One, Two, Three, Fore!
With American Keegan Bradley emerging victorious at the PGA Grand Slam of Golf on Oct. 19, hordes of aspiring golfers are likely setting up their Saturday morning tee times. No doubt, musicians may be among those inspired golfers ready to visit the local country club and take in a round.
Darius Rucker, who became famous with Hootie And The Blowfish and has landed back atop the charts as one of America's hottest country stars, has earned a reputation as one of music's good guys through tireless work giving back to the community. With two GRAMMYs, sold-out concerts and Top 10 albums and singles to his credit, it might seem that Rucker doesn't have a lot left to accomplish. But there is one elusive goal that continues to drive him: He wants to beat Tiger Woods at golf.
"I just want a stroke a hole and to walk away with some money," Rucker told PGATour.com in 2009. "I'm tired of him whopping me."
The spirit of competition drives Rucker to the links, but he's hardly the only member of the music community to take to the fairways while on or off the road. Not surprisingly, many recording artists are into golf.
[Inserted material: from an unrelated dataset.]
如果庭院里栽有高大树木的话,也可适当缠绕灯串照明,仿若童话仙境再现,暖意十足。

Golf offers a quiet, peaceful departure from the daily grind in the studio or the humming din of sold-out stadiums and smoky clubs. It's a mental challenge that takes practice — something artists who have spent hours upon hours honing their musical craft can relate to. The golf tournament is also the perfect way to get people together and raise money for a good cause, something many performers are committed to.
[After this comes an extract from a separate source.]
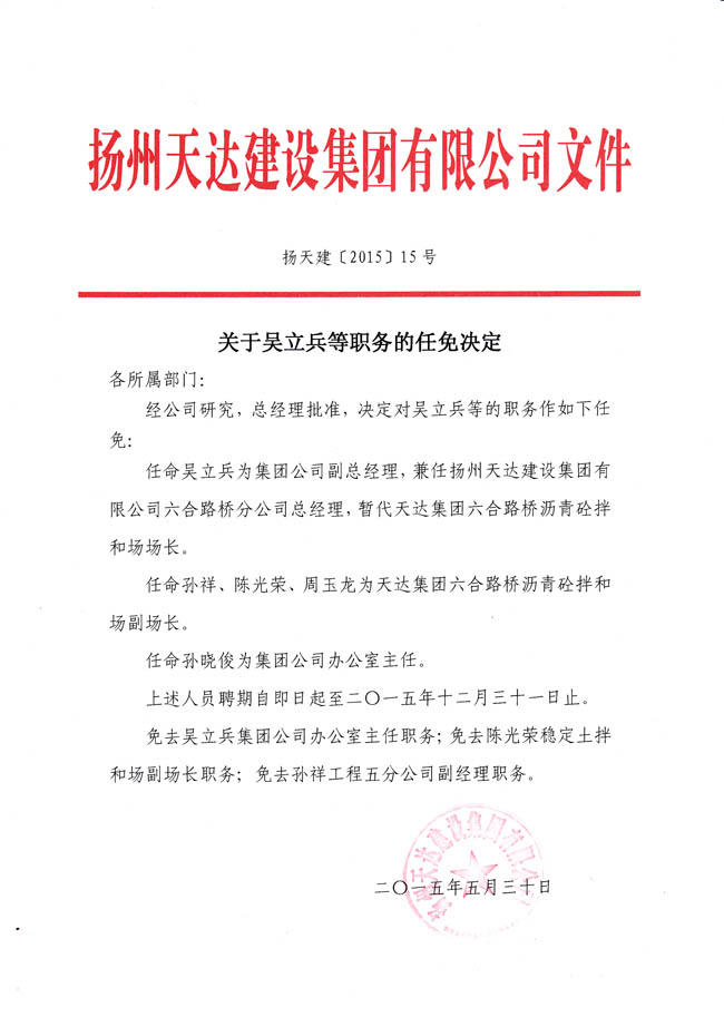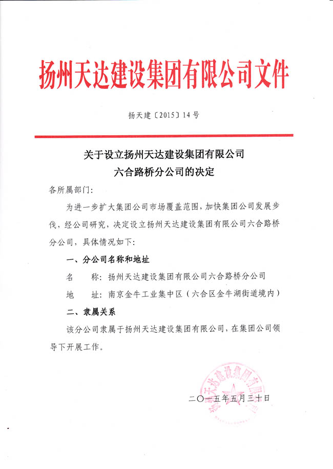 關(guān)于設(shè)立揚州天達建設(shè)集團有限公司六合路橋分公司的決定

And as avid players Justin Timberlake, Kenny G, Vince Gill, Adrian Young, Alice Cooper, and Huey Lewis would likely tell you, teeing up a little white ball and trying to get it into a hole is a lot of fun.
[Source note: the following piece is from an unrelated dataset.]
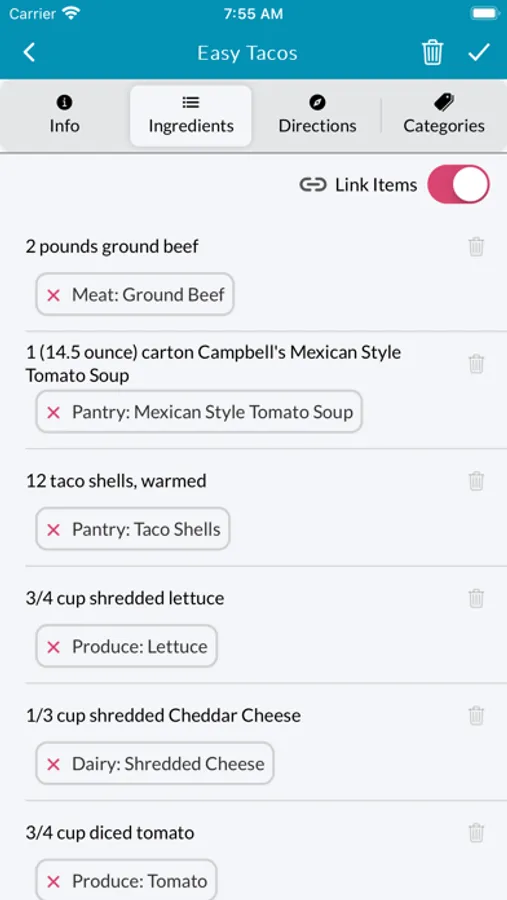 • Link a recipe to the meal to then be able to quickly add items that you need to your shopping list.

"When you play golf, you get to be outside," Rucker told PGATour.com. "It sounds simple enough, but when you spend so much time inside, you appreciate it more. It doesn't matter where I'm playing. I always say I've never seen an ugly golf course because it gives me that chance to be outside. "
It seems that musicians who love golf have taken to the game for different reasons.
For Cooper, who is a regular at celebrity tournaments along with Rucker and Kenny G, golf became the positive addiction that helped him overcome his alcohol addiction. He hit balls, not the bottle, and played his way to renewed health and a new passion.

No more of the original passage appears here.